** Opening DATA SHOWN block **

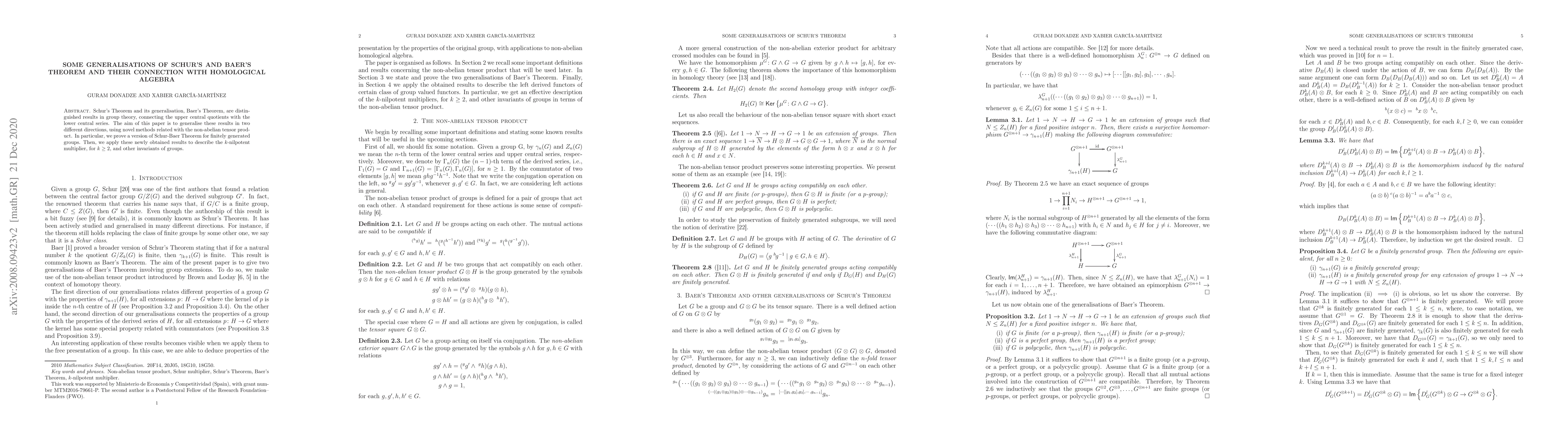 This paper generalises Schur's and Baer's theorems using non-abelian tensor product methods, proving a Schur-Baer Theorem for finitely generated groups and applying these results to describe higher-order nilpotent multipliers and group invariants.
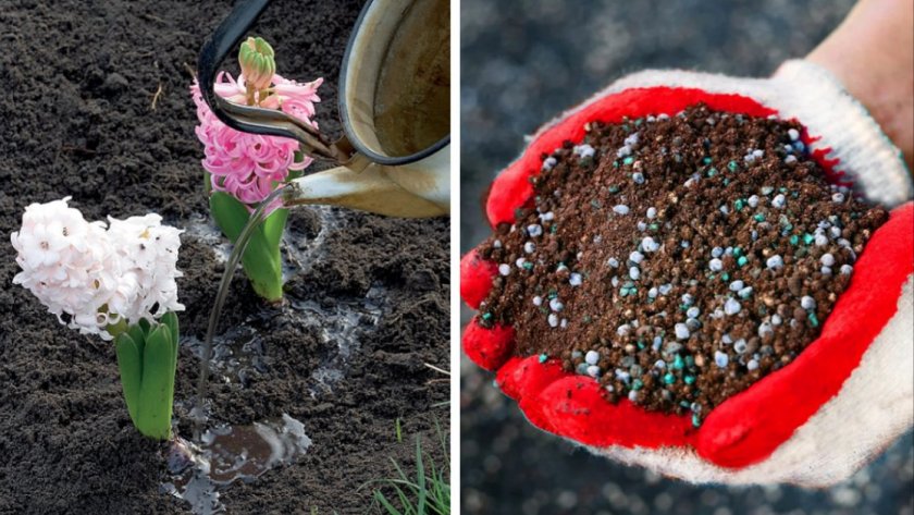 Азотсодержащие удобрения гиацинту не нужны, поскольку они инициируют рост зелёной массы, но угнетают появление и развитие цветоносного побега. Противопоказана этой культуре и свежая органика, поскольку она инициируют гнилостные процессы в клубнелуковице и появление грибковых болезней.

** Closing DATA SHOWN block **
** Opening DATA SHOWN block **

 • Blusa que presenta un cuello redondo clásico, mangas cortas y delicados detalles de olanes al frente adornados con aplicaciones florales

** Closing DATA SHOWN block **

_WHAT YOU WILL DO_
In the listing above, find the line containing "This paper generalises" and the line containing "Азотсодержащие удобрения гиацинту", then output those two lines and everything between them exactly as written, without the images.

_ANSWER_
 This paper generalises Schur's and Baer's theorems using non-abelian tensor product methods, proving a Schur-Baer Theorem for finitely generated groups and applying these results to describe higher-order nilpotent multipliers and group invariants.
 Азотсодержащие удобрения гиацинту не нужны, поскольку они инициируют рост зелёной массы, но угнетают появление и развитие цветоносного побега. Противопоказана этой культуре и свежая органика, поскольку она инициируют гнилостные процессы в клубнелуковице и появление грибковых болезней.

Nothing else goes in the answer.